Human cord blood-derived mast cells are activated by the Nod1 agonist M-TriDAP to release pro-inflammatory cytokines and chemokines.

Mast cells are among the first cells of our immune system to encounter exogenous danger. Intracellular receptors such as nucleotide-binding oligomerization domain (Nod) play an important role in responding to invading pathogens. Here, we have investigated the response of human mast cells to the Nod1 ligand M-TriDAP. Human cord blood-derived mast cells (CBMCs) were activated with M-TriDAP alone, or in combination with the Toll-like receptor (TLR) ligands lipopolysaccharide (LPS) and zymosan. Release of pro-inflammatory chemokines and cytokines was measured by ELISA, cytometric bead array and LUMINEX, and degranulation was evaluated by analysis of histamine release.

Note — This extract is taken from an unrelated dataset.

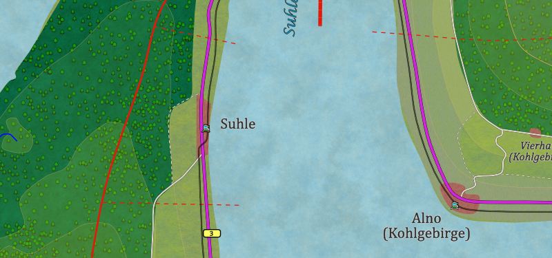 Suhle liegt an der Ostküste der Sturminsel, direkt an der Suhler Meerenge, die in das offene Sturmmeer übergeht. Vom breiten, sandigen Strand aus kann man bei klarem Wetter die acht Kilometer entfernte Küste von Kohlonia erkennen, auch wenn der Himmel oft von tiefhängenden Wolken und der Wind von salziger Gischt geprägt ist. Die Küste ist geprägt von hohen Dünen und dunklen Felsformationen, die von der rauen Brandung geformt wurden. In den Sommermonaten wagen sich einige Schwimmer in das kühle Wasser, doch die Strömung kann tückisch sein.

M-TriDAP induced a dose-dependent release of IL-8, MIP-1α, MIP-1β and TNF. In contrast, degranulation could not be observed. When cells were treated with M-TriDAP in combination with the TLR4 agonist LPS, but not with TLR2 agonist zymosan, the secretion of cytokines was augmented. We here present results demonstrating that human CBMCs are stimulated by the Nod1 agonist M-TriDAP alone and in combination with LPS to produce pro-inflammatory cytokines and chemokines. Our results add to the concept that mast cells constitute an important part of our host defense, as they are equipped with several types of important pattern recognition receptors, including TLRs and Nod.